Biopolymer is a versatile material used in food processing, medicine, construction, and soil reinforcement. 𝛽-glucan is one of the biopolymers that improves the soil water content and ion adsorption in a drought or toxic metal contaminated land for plant survival. We analyzed drought stress damage reduction in sweet potatoes (Ipomoea batatas L. cv. Sodammi) by measuring the growth and major protein expression and activity under 𝛽-glucan soil amendment. The result showed that sweet potato leaf length and width were not affected by drought stress for 14 days, but sweet potatoes grown in 𝛽-glucan-amended soil showed an effect in preventing wilting caused by drought in phenotypic changes.
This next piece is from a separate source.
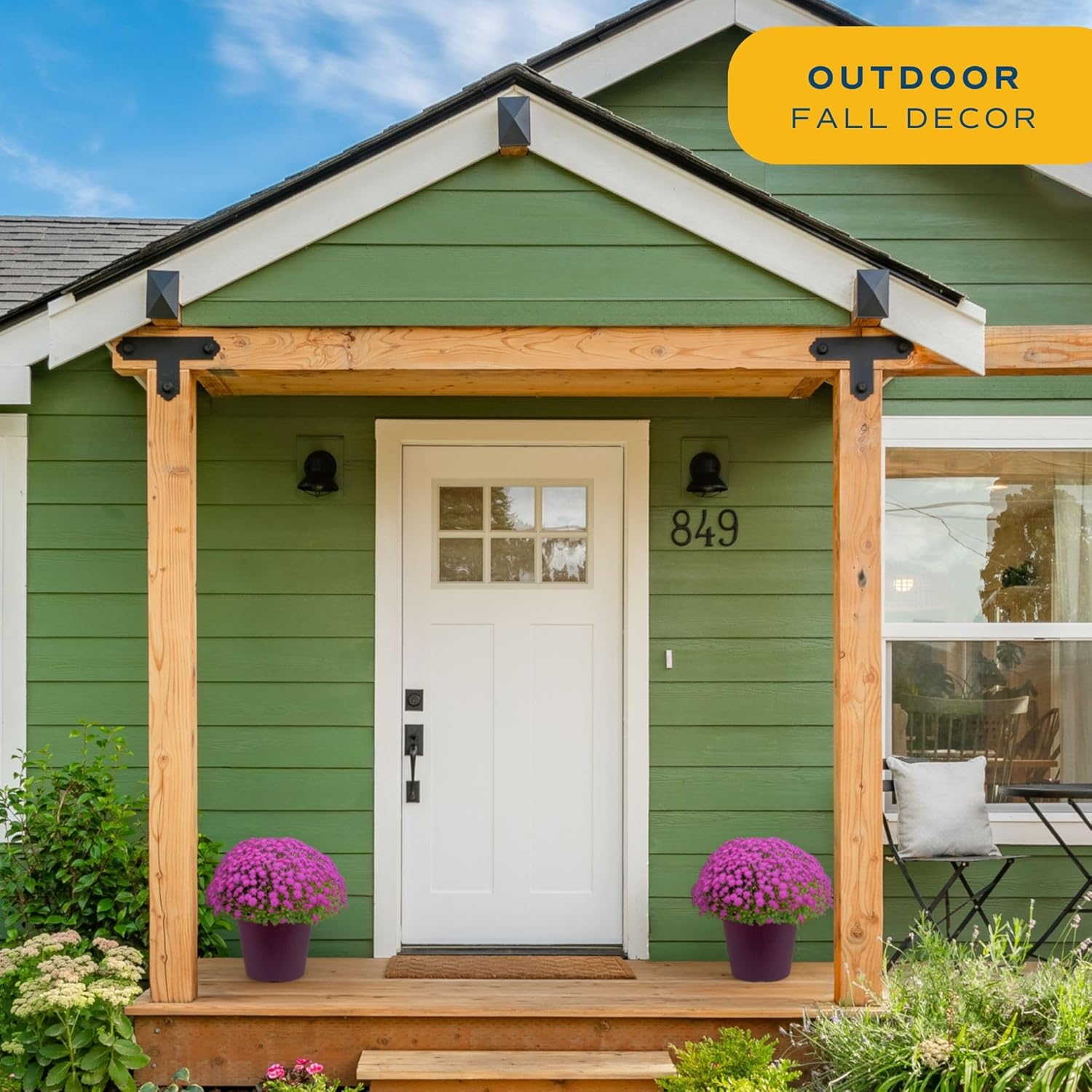 - EYE-CATCHING FOR FALL DECOR Whether you're styling your porch, entryway, or patio, these purple mums add a pop of color that pairs perfectly with pumpkins, gourds, and hay bales
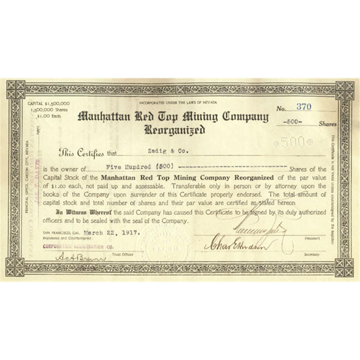 Stock certificates from the United States and other countries around the world. Items offered cover a wide variety of collecting topics including automotive, railroads, mining, autographed and much more.

Under drought stress, sweet potato leaves did not show any changes in electrolyte leakage, but the relative water content was higher in sweet potatoes grown in 𝛽-glucan-amended soil than in normal soil. 𝛽-glucan soil amendment increased the expression of plasma membrane (PM) H⁺-ATPase, but it decreased the aquaporin PIP2 (plasma membrane intrinsic protein 2) in sweet potatoes under drought stress. Moreover, water maintenance affected the PM H⁺-ATPase activity, which contributed to tolerance under drought stress. These results indicate that 𝛽-glucan soil amendment improves the soil water content during drought and affects the water supply in sweet potatoes. Consequently, 𝛽-glucan is a potential material for maintaining soil water contents, and analysis of the major PM proteins is one of the indicators for evaluating the biopolymer effect on plant survival under drought stress.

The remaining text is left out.